Xianbo_Gao - Machine Learning Pathway

Xianbo_Gao · June 16, 2020, 10:01pm

My first self-assessment on 16.06.2020

What I Learned:
1. Technical area

Learn how to do web-scraping. Since I’ve never done web-scraping before, I need to learn it first and help people with different packages they are using.

2. Tools

3. Soft-skills

Leadership sills: how to organize and split tasks, communicate with people, give a meeting and make plans of what we should achieve in each week.

Three achievement highlights:

In coding, write a notebook of web crawling example and a notebook contains basic data analysis codes for beginners for tutorial purpose. Combine the codes of our group and generate the clean data for next step.
Teach people and help them with technical problems
Set up working environments including GitHub and slack.

Meetings/training sections:

Tasks I did:

In coding, write a notebook of web crawling example and a notebook contains basic data analysis codes for beginners for tutorial purpose.
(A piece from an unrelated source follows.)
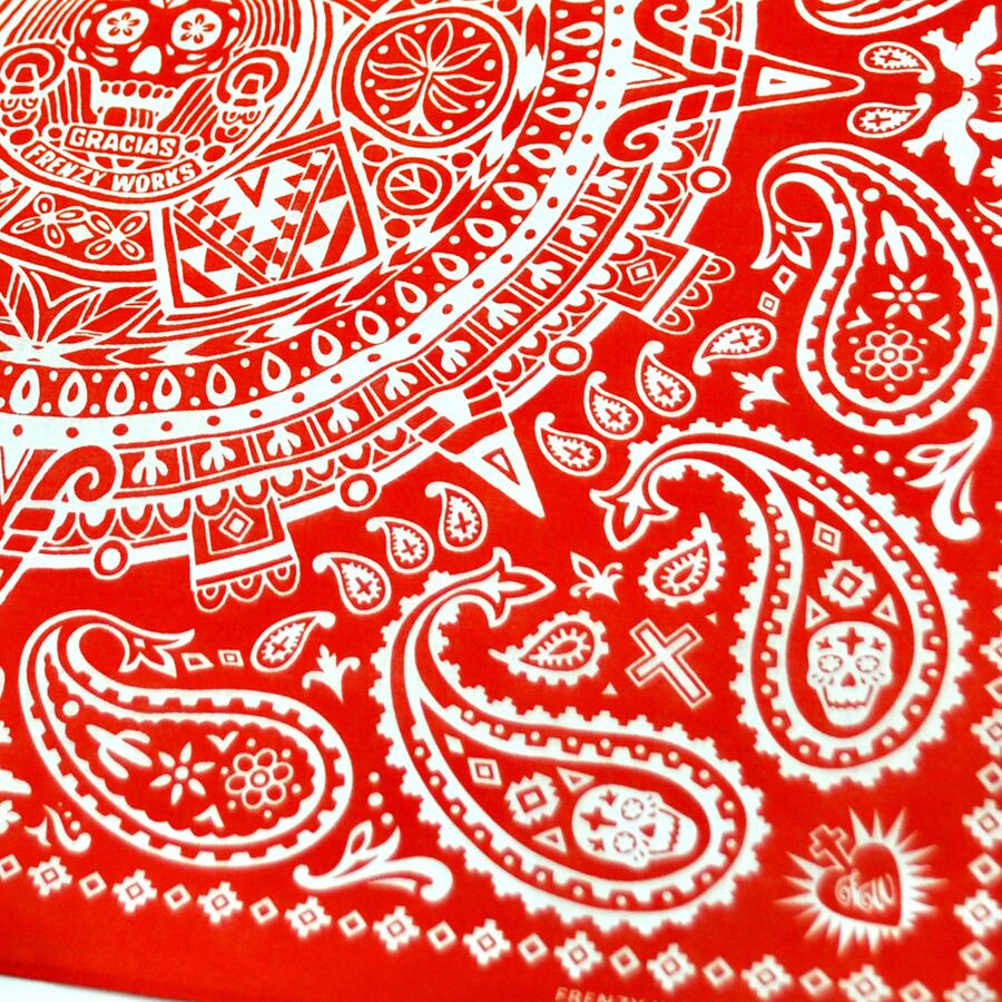 太陽の石、アステカカレンダーの図柄を元にFRENZY WORKSでアレンジしたこオリジナルデザインバンダナです。ペイズリー部分にメキシカンスカルやトリがいたり、カレンダー部分には文字、ピースマークやエスニック柄などを描き込み、細部までこだわってデザインを作りこんだバンダナ柄です。

Give a brief tutorial on how to do web-scraping and how to use GitHub. Write my own code of web scraping as well as combine all the participates’ codes into one notebook, choose best performance codes for the same task, try to keep everyone’s idea of data preprocess, fix the bugs, clean the codes and generate the data to a csv file including columns contains original data and pre-processed data with the combined codes.
Set up working environments including GitHub and slack
Give instructions in how to do tasks, and help people with technical problems such as coding, what package and method to use, GitHub and software installation.
Discuss with other leads and make plan each week, give a meeting and communicate with group members
Holding office hours 3-4 times per week to answer questions.

Goal for next week:

Xianbo_Gao · June 28, 2020, 6:56pm

My first self-assessment on 16.06.2020

What I Learned:
1. Technical area

2. Tools

3. Soft-skills

Leadership sills: how to organize and split tasks, communicate with people, give a meeting and make plans of what we should achieve in each week.

Three achievement highlights:

In coding, write a notebook of BERT example
Teach people and help them with technical problems, check their codes and give advice of how to improve and what’s the next step
give a lecture on BERT and make sure the attendance understand how to use BERT
Meetings/training sections:
Weekly Monday team meetings, team lead meetings
Weekly lead meetings (ML pathway)
Weekly other pathway meetings (UX, FS leads)
Webinars: webinars for text-classification

Tasks I did:

In coding, write a notebook of BERT example and uploaded to GitHub. Give a brief lecture on how to do BERT. Write my own code of BERT. Check everyone’s code and working on combining different methods together.
Give instructions in how to do tasks, and help people with technical problems such as coding, what ML tools to use, how to improve the model.
Discuss with other leads and make plan each week, give a meeting and communicate with group members
Holding office hours 3-4 times per week to answer questions.

Goal for next week:

Xianbo_Gao · July 26, 2020, 9:39am

My final assessment

What I Learned:
1. Technical area

2. Tools

3. Soft-skills

Leadership sills: how to organize and split tasks, communicate with people, give a meeting and negotiate with people to make decisions

Three achievement highlights:

Update the dataset with more information including content and stem in string format and increasing the size to 5000 samples
Reviewing others’ results and find out how to improve the accuracy such as using titles as input which work.
Prepare and give the presentation

Meetings/training sections:

Tasks I did:

I update the dataset with more information including content and stem in string format and increasing the size to 5000 samples. I also tried to combine tf-idf with BERT and used tf-idf for classification but the accuracy was worse than using BERT only. The result was highly biased and nearly all the prediction are the same. I go through others’ BERT codes and help them with coding. Of all the codes Bardon’s codes performs the best. I focused on his code and did some tests and I gave him 2 advices which helped him increase the accuracy to more than 60%.
Holding office hours 3-4 times per week to answer questions. Before the presentation week I also held extra office hours to help with BERT implementation.